**The task**
Restate all of the entries exactly, dropping any pictures they hold.

• • • •

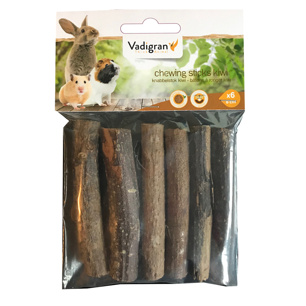 Τα Vadigran Chewing Sticks Kiwi 8 cm 6 τμχ είναι μικρά κλαδάκια από ξύλο ακτινιδιάς, ιδανικά για χάμστερ, ποντίκια, τσιντσιλά και άλλα τρωκτικά μικρού μεγέθους:
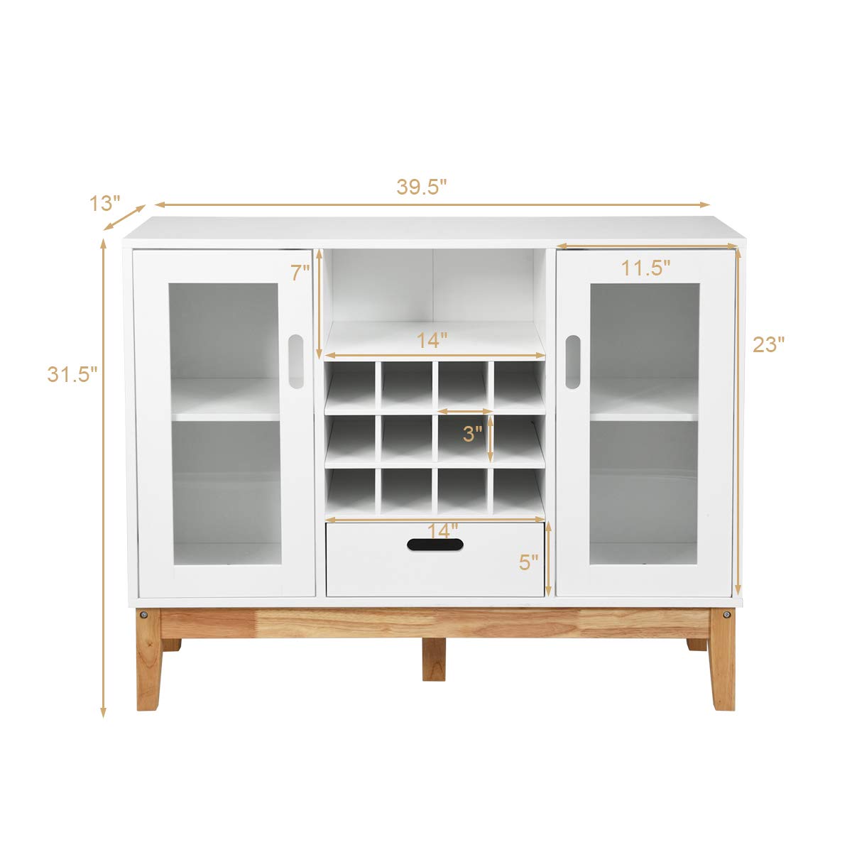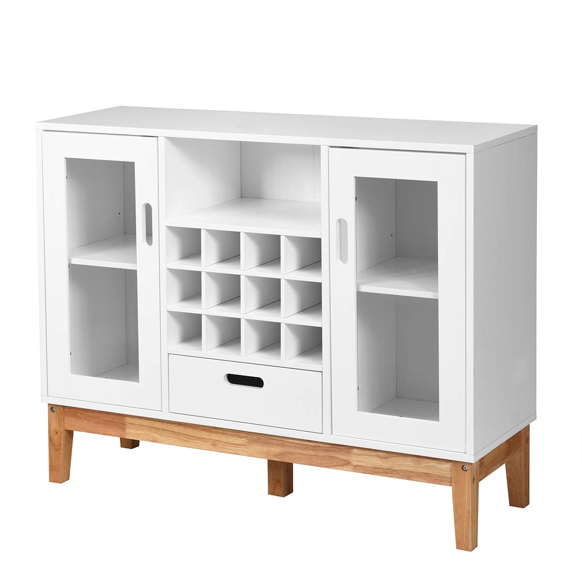 The well-organized wooden wine rack console sideboard is stylish and versatile to offer you much additional storage space in the kitchen or dining room. With large table top, open shelf, 2 cabinets with transparent door on the each side, 12 bottle wine racks and bottom drawer that provided with ample storage space, you can place your items in order. The high quality MDF and rubber wood combined with 5 legs construction creating a buffet cabinet table with great stability and sturdiness for long term use. Moreover, simple lines and elegant style also make it a great decoration in your living room, bedroom or somewhere else. Enjoy your happy and relax time with this entertainment center!
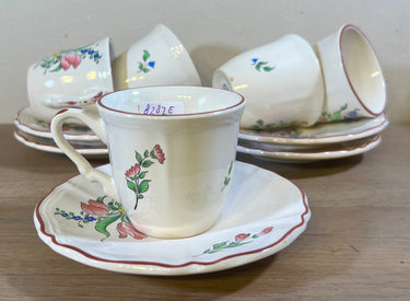 Cup and saucer - small model - K&G Luneville - OLD STRASBOURG decor - REVERBÈRE with flowers in various colors
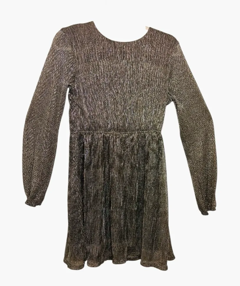 Gold metallic long-sleeve mini dress with an allover shimmer finish and a softly ruched waist that c... Show more
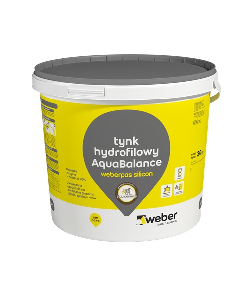 Weber.pas AquaBalance to silikonowy tynk hydrofilowy wykonany w technologii AquaBalance, która zapewnia nieporastającą powłokę. Jest odporny na alkalia, spaliny i bardzo elastyczny. Nie straszne mu zmywanie zanieczyszczeń wodą. Produkt może być barwiony na dowolny kolor pod indywidualne zamówienie. W tym celu skontaktuj się z obsługą sklepu.
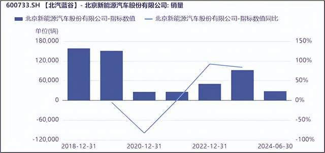 2024年上半年,北汽蓝谷新能源汽车累计销量为28011辆,同比下降约20.40%。横向对比来看,蔚来(NIO)(交付21209辆)、理想(LI)(交付47774量)和极氪(ZK)(交付20106量)今年6月一个月的交付量就已经超2万。北汽蓝谷,已被狠狠地拍在沙滩上。
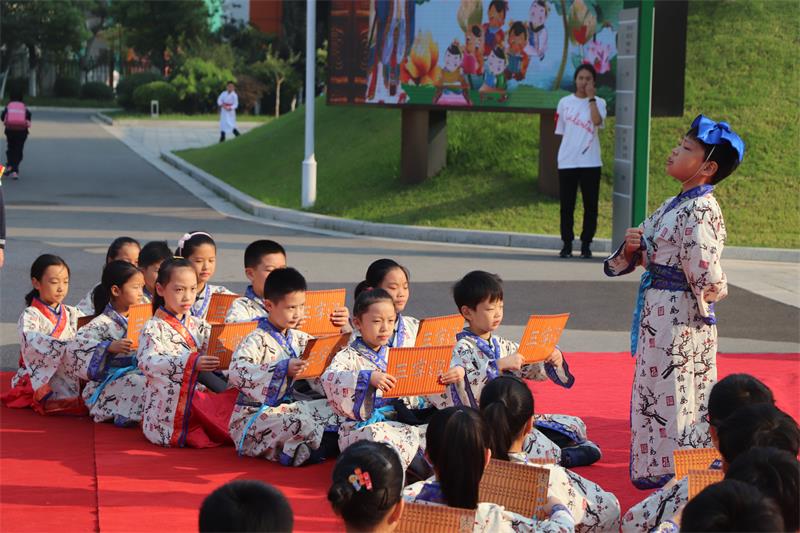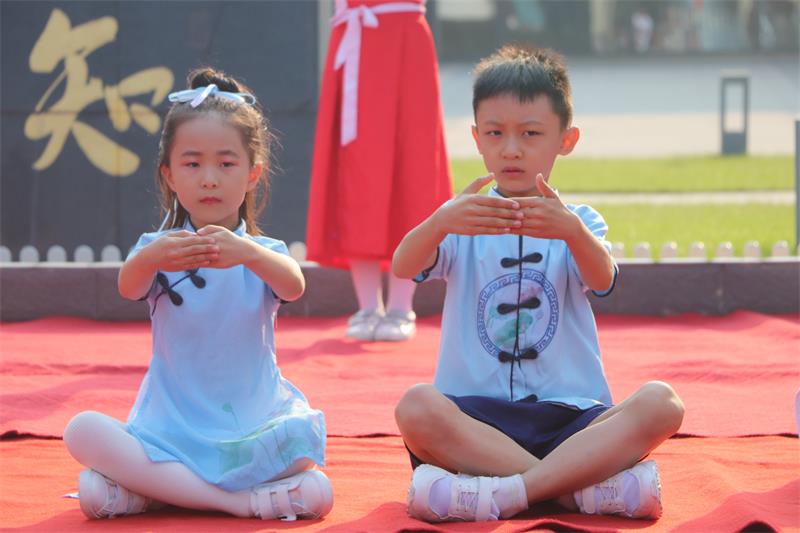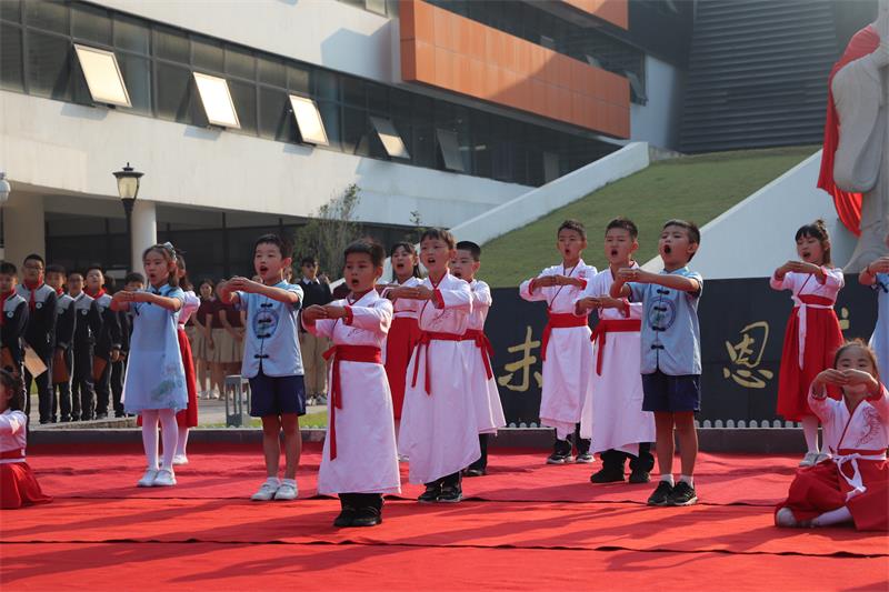 學(xué)生整齊站列身著漢服吟誦誓詞,向孔子像作揖行禮,誦讀誓詞。勵(lì)志成為謙虛謹(jǐn)慎、嚴(yán)格自省、品格高尚的樹恩人。而后,學(xué)生表演了《君子九思》《孔子爺爺》等節(jié)目。
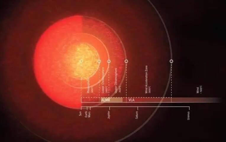 需要注意的是,尽管红巨星比太阳大得多,但它们的密度却比太阳低。这是因为红巨星的巨大体积与其质量相对较大相结合,导致其相对较低的密度。太阳的平均密度约为1.41克/立方厘米,而红巨星的密度通常远低于此值。
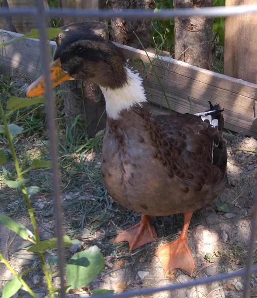 Alla fine l'anatra in foto ha sviluppato un bel ricciolo sulla coda  e al momento sta cambiando il piumaggio in un grigio più chiaro. In ogni caso ho visto il venditore e mi ha confermato essere un incrocio tra Germano e Pechino! Ne ho approfittato ovviamente per procurarmi un'altra femmina (sempre ibrida) sperando che cresca e mi facciano diventare nonno di qualche anatroccolo

• • • •

**Written response**
 Τα Vadigran Chewing Sticks Kiwi 8 cm 6 τμχ είναι μικρά κλαδάκια από ξύλο ακτινιδιάς, ιδανικά για χάμστερ, ποντίκια, τσιντσιλά και άλλα τρωκτικά μικρού μεγέθους:
 The well-organized wooden wine rack console sideboard is stylish and versatile to offer you much additional storage space in the kitchen or dining room. With large table top, open shelf, 2 cabinets with transparent door on the each side, 12 bottle wine racks and bottom drawer that provided with ample storage space, you can place your items in order. The high quality MDF and rubber wood combined with 5 legs construction creating a buffet cabinet table with great stability and sturdiness for long term use. Moreover, simple lines and elegant style also make it a great decoration in your living room, bedroom or somewhere else. Enjoy your happy and relax time with this entertainment center!
 Cup and saucer - small model - K&G Luneville - OLD STRASBOURG decor - REVERBÈRE with flowers in various colors
 Gold metallic long-sleeve mini dress with an allover shimmer finish and a softly ruched waist that c... Show more
 Weber.pas AquaBalance to silikonowy tynk hydrofilowy wykonany w technologii AquaBalance, która zapewnia nieporastającą powłokę. Jest odporny na alkalia, spaliny i bardzo elastyczny. Nie straszne mu zmywanie zanieczyszczeń wodą. Produkt może być barwiony na dowolny kolor pod indywidualne zamówienie. W tym celu skontaktuj się z obsługą sklepu.
 2024年上半年,北汽蓝谷新能源汽车累计销量为28011辆,同比下降约20.40%。横向对比来看,蔚来(NIO)(交付21209辆)、理想(LI)(交付47774量)和极氪(ZK)(交付20106量)今年6月一个月的交付量就已经超2万。北汽蓝谷,已被狠狠地拍在沙滩上。
 學(xué)生整齊站列身著漢服吟誦誓詞,向孔子像作揖行禮,誦讀誓詞。勵(lì)志成為謙虛謹(jǐn)慎、嚴(yán)格自省、品格高尚的樹恩人。而后,學(xué)生表演了《君子九思》《孔子爺爺》等節(jié)目。
 需要注意的是,尽管红巨星比太阳大得多,但它们的密度却比太阳低。这是因为红巨星的巨大体积与其质量相对较大相结合,导致其相对较低的密度。太阳的平均密度约为1.41克/立方厘米,而红巨星的密度通常远低于此值。
 Alla fine l'anatra in foto ha sviluppato un bel ricciolo sulla coda  e al momento sta cambiando il piumaggio in un grigio più chiaro. In ogni caso ho visto il venditore e mi ha confermato essere un incrocio tra Germano e Pechino! Ne ho approfittato ovviamente per procurarmi un'altra femmina (sempre ibrida) sperando che cresca e mi facciano diventare nonno di qualche anatroccolo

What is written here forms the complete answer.